I agree, LT. The new website does seem to represent a victory of style over substance - design over content.
Then again, the missing elements mean we still need you, Baroosk and Air America Place.
The other missing ingredient in AAR 2.0 is programming. They are a radio service with a website (not the other way around). Besides Lionel, I see nothing new, better or different in AAR's programming here.
However, the sleeper story in all this is Thom Hartmann signing with WYD Media, the outfit which produces Stephanie Miller. Who owns the Thom Hartmann Show is not clear, but given WYD's history with Jones Radio, this opens the door that Thom might not be around for AAR 2.5.
Now if WYD or P1 can just get Randi maybe progressive talk radio can start to move without the albatross of AAR around it's neck.

Casey Buck said...

Thom actually owns his own show; this dates back to when he used to self-syndicate for awhile after IE America folded and before Air America added him to their syndication division.

On Thom's website, it says "News flash - Air America Radio and progressive talk radio personality Thom Hartmann has selected Ron Hartenbaum's WYD Media Management to manage his broadcast and other media projects. Longtime industry vet Hartenbaum also reps Stephanie Miller."

Does this mean that Thom will be leaving Air America completely, or will WYD be merely assisting in the show's production, with Thom's broadcast remaining on the AAR feed?

ltr said...

As far as Hartmann goes, I think you all are reading too much into it. I got word the other day on it (the press release came out Monday), but just couldn't find a way to work it in.

Basically, Hartmann has signed with WYD Media. They are basically a rep firm that also develops radio shows. The founder is Ron Hartenbaum, who used to work for Jones MediaAmerica. Their other big client is Stephanie Miller. I wouldn't read too much else into it. The press release says that WYD will "manage his broadcast and other media projects." In other words, an agent. As for his show, Hartmann has claimed that he is the owner. A few other AAR hosts own their shows as well. If AAR went away tomorrow, he'd still be around. But at the same time, AAR distributes it.

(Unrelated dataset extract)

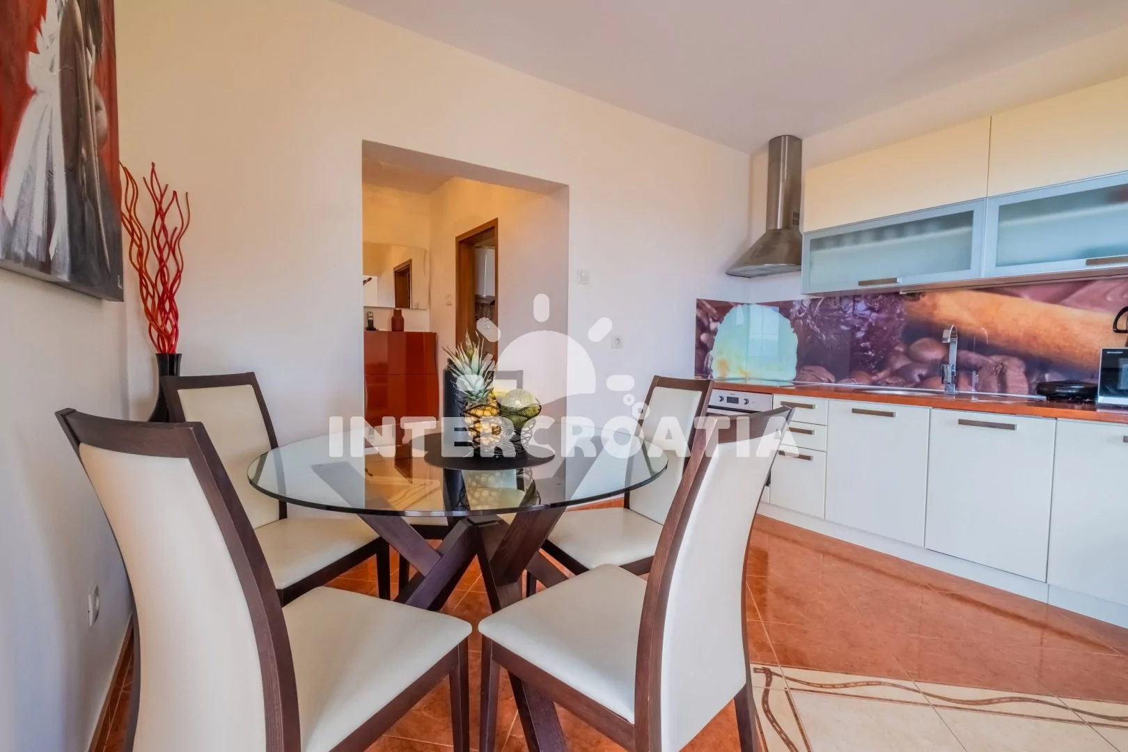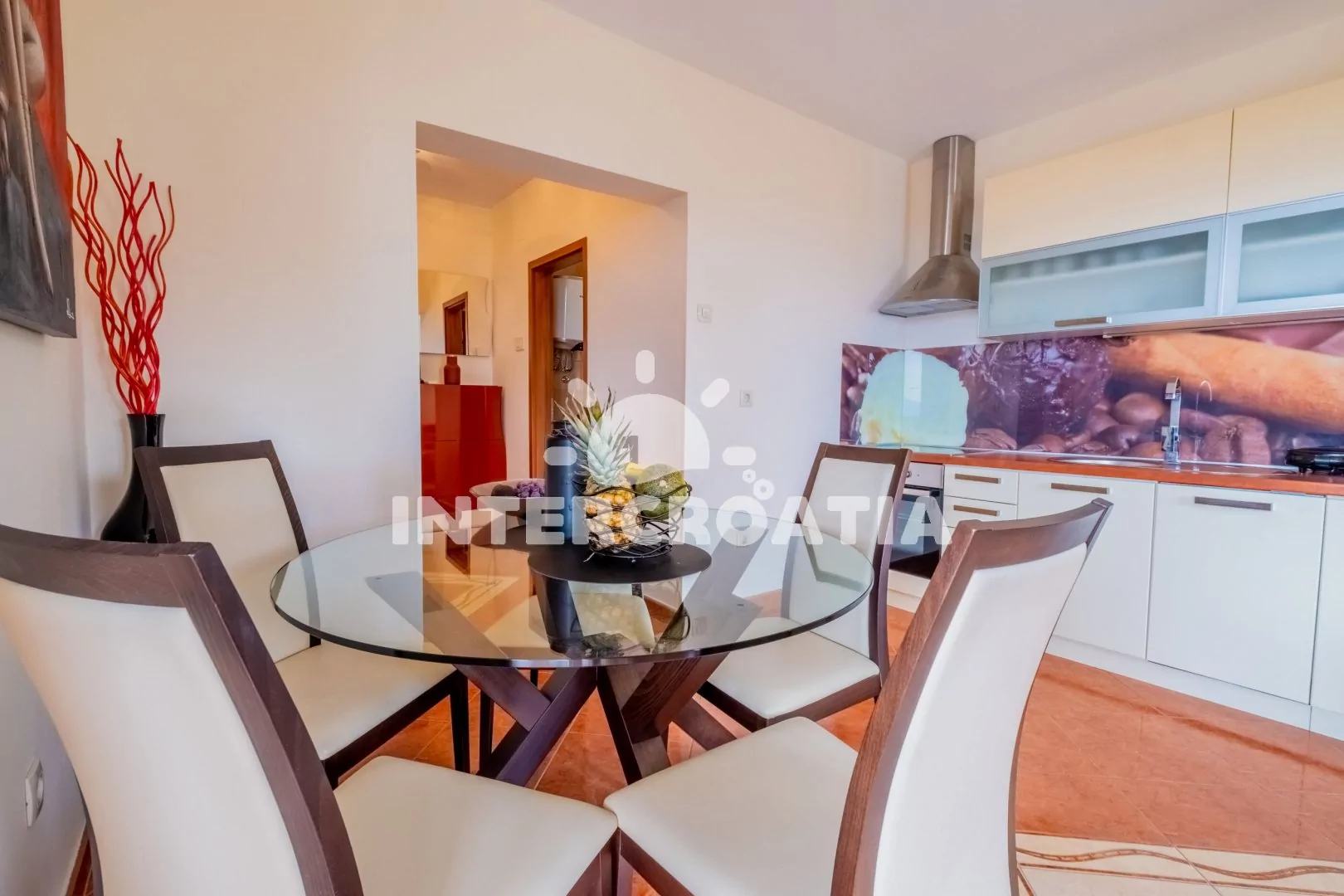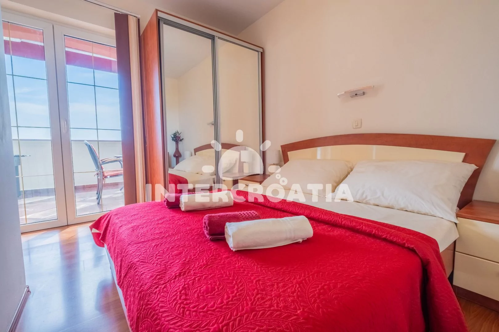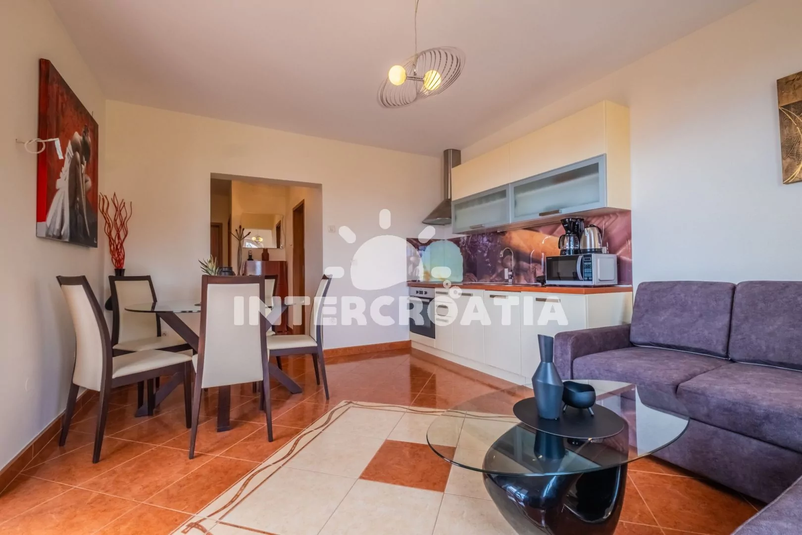 Apartmán (40 m2) s terasou a venkovním posezením se nachází v 1. patře domu. Apartmán má 2 ložnice a je vhodný pro 3 až 4 osoby. Obývací pokoj je spojený s kuchyní. Kuchyňská linka je vybavena sklokeramickou varnou deskou, digestoří, vestavěnou troubou, myčkou na nádobí, rychlovarnou konvicí, kávovarem, mikrovlnnou troubou, nádobím a lednicí s mrazákem. Obývací pokoj s jídelním stolem, pohovkou (rozložitelná na extra lůžko pro 1 osobu), televizí se satelitním programem, klimatizací a vstupem na terasu. První ložnice s dvoulůžkem. Druhá ložnice s jednolůžkem. Koupelna se sprchovým koutem, umyvadlem, pračkou a wc. Hostům je k dispozici parkování u objektu zdarma.

Again, it sounds like merely a representation and management deal. Just like Leigh Steinberg represents football players. I wouldn't read any further than that.

will_in_chicago said...

While the site looks good visually, it lacks a lot in functionality. There are no links to the weekend shows on the front, searches reveal many links for old shows that lead back to the main site, and I have to say that I am not impressed. Nova M's website has better functionality at this point.


I am still having problems linking threads to the site. (Not sure why. I enter the password and the pop up refreshes and clears itself.) I started a thread on this at the Unfiltered News Network called AAR 2.0 website is up: http://unfilterednewsnetwork.com/phpBB3/viewtopic.php?f=23&t=18104

Luther Blissett said...

The new website is an abomination, based on a Drupal frontend with numerous 'tweaks' by someone who thinks that XHTML is HTML without the freedom. The code is repeated, the CSS is bad and they're paying for the extra bandwidth from the repeated javascript clickthrus that appear to be missing the tracking URLs.

If they paid money for it to be developed, then need to get lawyers involved, as it's barely functional. From a technical standpoint, if anyone of my programmers produced this;

div class="block block-block" id="block-block-7

I'd cut their fingers off and use the blood to scrawl the word 'semantics' across their desktop. As someone with a decade producing websites I'm vastly irritated by 'web 2.0' appearing to consist of barely usable websites.

Incidentally, the technicalities of web 2.0 are to provide a rich user experience, the social interconection thing is approaching it's omega point (two 'social networking' projects cancelled in the last month).